[The data]
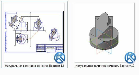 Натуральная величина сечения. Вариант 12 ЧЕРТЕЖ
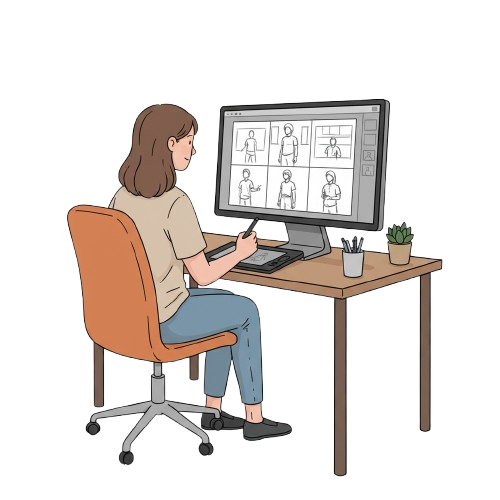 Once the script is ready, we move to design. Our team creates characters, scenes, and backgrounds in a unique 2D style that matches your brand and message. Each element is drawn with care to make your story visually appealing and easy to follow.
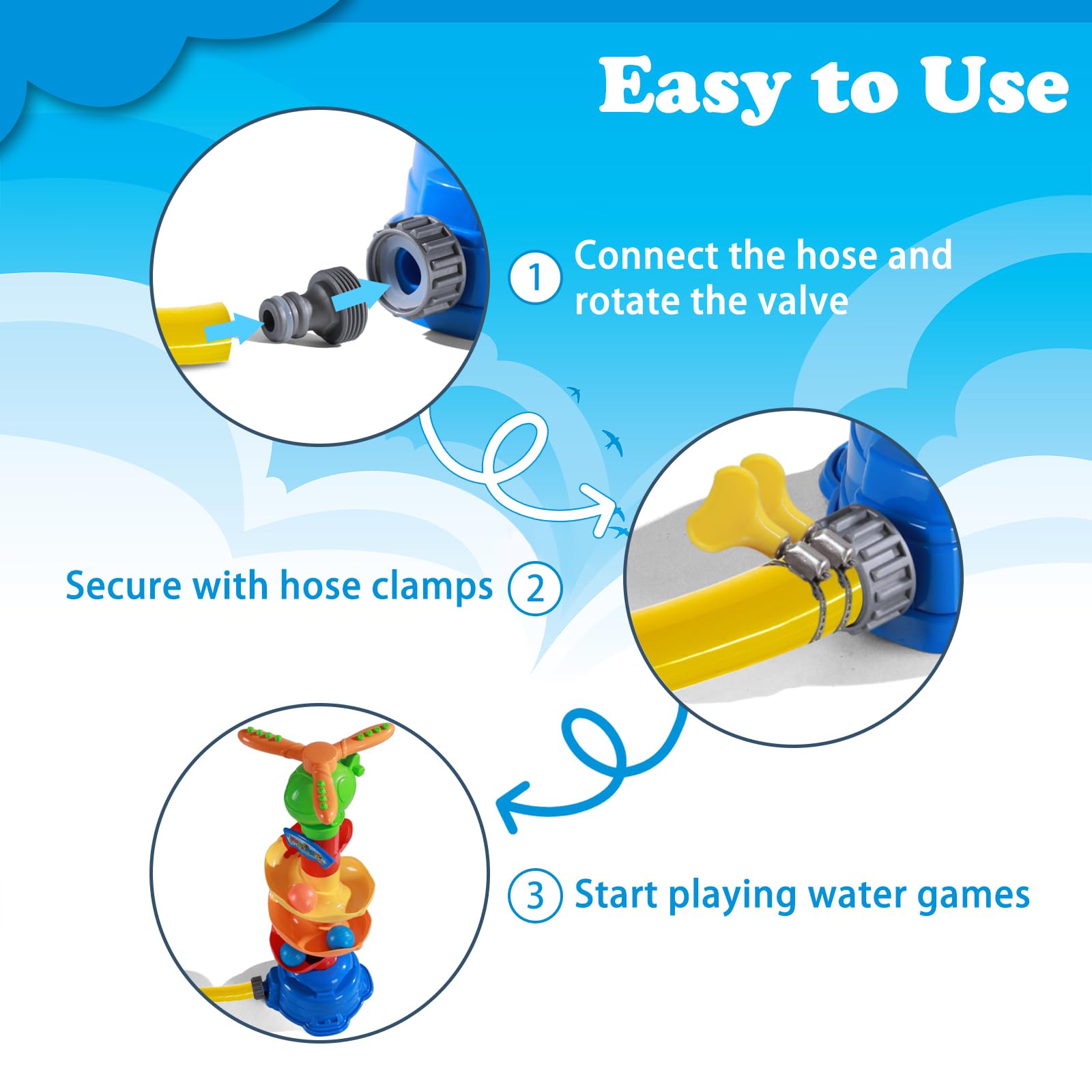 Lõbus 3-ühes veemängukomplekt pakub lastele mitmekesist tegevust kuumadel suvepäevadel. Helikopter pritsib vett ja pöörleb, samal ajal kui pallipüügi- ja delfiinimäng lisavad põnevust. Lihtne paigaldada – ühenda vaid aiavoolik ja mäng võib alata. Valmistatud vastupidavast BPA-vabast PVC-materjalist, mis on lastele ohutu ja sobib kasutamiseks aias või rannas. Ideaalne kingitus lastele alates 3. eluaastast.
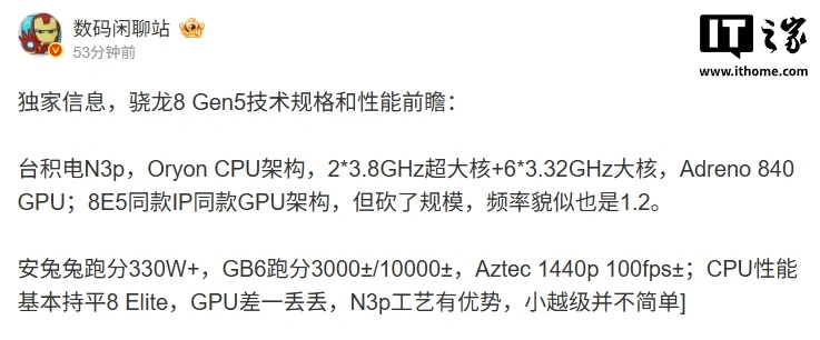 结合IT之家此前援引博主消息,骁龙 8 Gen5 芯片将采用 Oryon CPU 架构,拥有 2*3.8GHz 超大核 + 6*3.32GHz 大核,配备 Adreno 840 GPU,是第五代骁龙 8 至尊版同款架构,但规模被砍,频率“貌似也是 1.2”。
[/The data]
Only the lines from the one containing "Lõbus 3-ühes veemängukomplekt" through the final line of the material should appear in the answer, copied exactly and without any picture.

**Response for this exercise**.
 Lõbus 3-ühes veemängukomplekt pakub lastele mitmekesist tegevust kuumadel suvepäevadel. Helikopter pritsib vett ja pöörleb, samal ajal kui pallipüügi- ja delfiinimäng lisavad põnevust. Lihtne paigaldada – ühenda vaid aiavoolik ja mäng võib alata. Valmistatud vastupidavast BPA-vabast PVC-materjalist, mis on lastele ohutu ja sobib kasutamiseks aias või rannas. Ideaalne kingitus lastele alates 3. eluaastast.
 结合IT之家此前援引博主消息,骁龙 8 Gen5 芯片将采用 Oryon CPU 架构,拥有 2*3.8GHz 超大核 + 6*3.32GHz 大核,配备 Adreno 840 GPU,是第五代骁龙 8 至尊版同款架构,但规模被砍,频率“貌似也是 1.2”。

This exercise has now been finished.